[PATCH 05/17] nvme-fabrics: reject I/O to offline device

8 Dec 2020

From: Victor Gladkov victor.gladkov@kioxia.com
driver inclusion
category: bugfix
bugzilla: NA
CVE: NA
Link: https://gitee.com/openeuler/kernel/issues/I1WGZE
-------------------------------------------------
Commands get stuck while Host NVMe-oF controller is in reconnect state.
NVMe ctrler enters into reconnect state when it loses connection with the
target. It tries to reconnect every 10 seconds
 until successful reconnection or until reconnect time-out is reached.
The default reconnect time out is 10 minutes.

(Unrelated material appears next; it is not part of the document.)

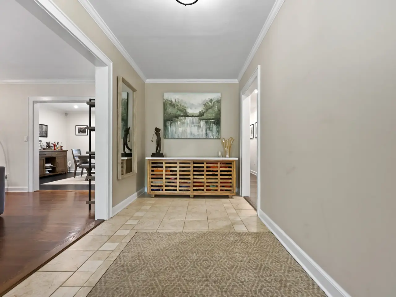 This inviting 4-bedroom ranch sits on one level acre in a great location. Wraparound driveway leads to a welcoming foyer and huge family room with fireplace, play area and two seating areas. Primary suite with walk-in closet and en-suite bath; as well as two large bedrooms and a full bath on one side of the house. Dining room with bar and kitchen leads to large Azek deck, ideal for outdoor entertaining. Separate guest suite with full bath would make a great in-law or nanny suite. Laundry room, mudroom and attached 2-car garage. Updates include newer landscaping and freshly painted interiors. HVAC, duct insulation, and hot water heater were all replaced in 2024. For golf lovers, there's a Tom Fazio-designed Swilcan Bridge, replica from St. Andrews in the front of the front of the property.

Applications are expecting commands to complete with success or error
within a certain timeout (30 seconds by default).  The NVMe host is
enforcing that timeout while it is connected, never the less, during
reconnection, the timeout is not enforced and commands may get stuck for
 a long period or even forever.
To fix this long delay due to the default timeout we introduce new
session parameter "fast_io_fail_tmo". The timeout is measured in seconds
from the controller reconnect, any command beyond that timeout is
rejected. The new parameter value may be passed during 'connect'.
The default value of -1 means no timeout (similar to current behavior).

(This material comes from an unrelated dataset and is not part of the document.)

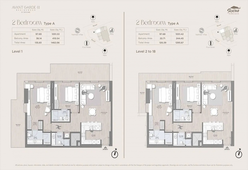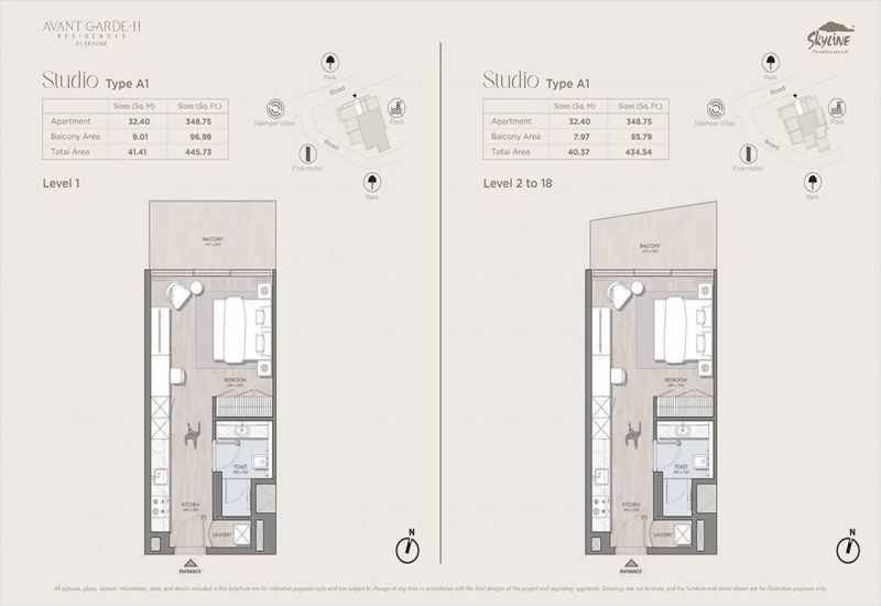 Studio Area: 431 Sq.ft - 445 Sq.ft 1 Bed Apartments Area: 726 Sq.ft - 890 Sq.ft 2 Beds Apartments Area: 1295 Sq.ft - 1462 Sq.ft

We add a new controller NVME_CTRL_FAILFAST_EXPIRED and respective
delayed work that updates the NVME_CTRL_FAILFAST_EXPIRED flag.
When the controller is entering the CONNECTING state, we schedule the
delayed_work based on failfast timeout value. If the transition is out of
CONNECTING, terminate delayed work item and ensure failfast_expired is
false. If delayed work item expires then set "NVME_CTRL_FAILFAST_EXPIRED"
flag to true.
We also update nvmf_fail_nonready_command() and
nvme_available_path() functions with check the
"NVME_CTRL_FAILFAST_EXPIRED" controller flag.

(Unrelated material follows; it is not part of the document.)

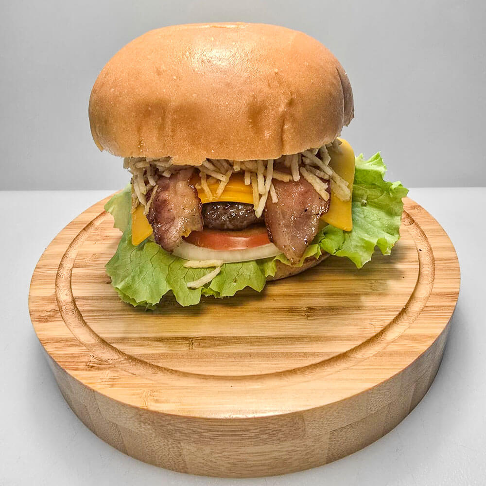 Meat, cheddar cheese, bacon, lettuce, tomato, onion and chips.

Signed-off-by: Victor Gladkov victor.gladkov@kioxia.com
Signed-off-by: Chaitanya Kulkarni chaitanya.kulkarni@wdc.com
Reviewed-by: Hannes Reinecke hare@suse.de
Reviewed-by: Chao Leng lengchao@huawei.com
Reviewed-by: Jike Cheng chengjike.cheng@huawei.com
Signed-off-by: Ruozhu Li liruozhu@huawei.com
Reviewed-by: Hou Tao houtao1@huawei.com
Signed-off-by: Yang Yingliang yangyingliang@huawei.com
---
 drivers/nvme/host/core.c      | 51 +++++++++++++++++++++++++++++++++--
 drivers/nvme/host/fabrics.c   | 28 ++++++++++++++++---
 drivers/nvme/host/fabrics.h   |  5 ++++
 drivers/nvme/host/multipath.c |  2 ++
 drivers/nvme/host/nvme.h      |  3 +++
 5 files changed, 83 insertions(+), 6 deletions(-)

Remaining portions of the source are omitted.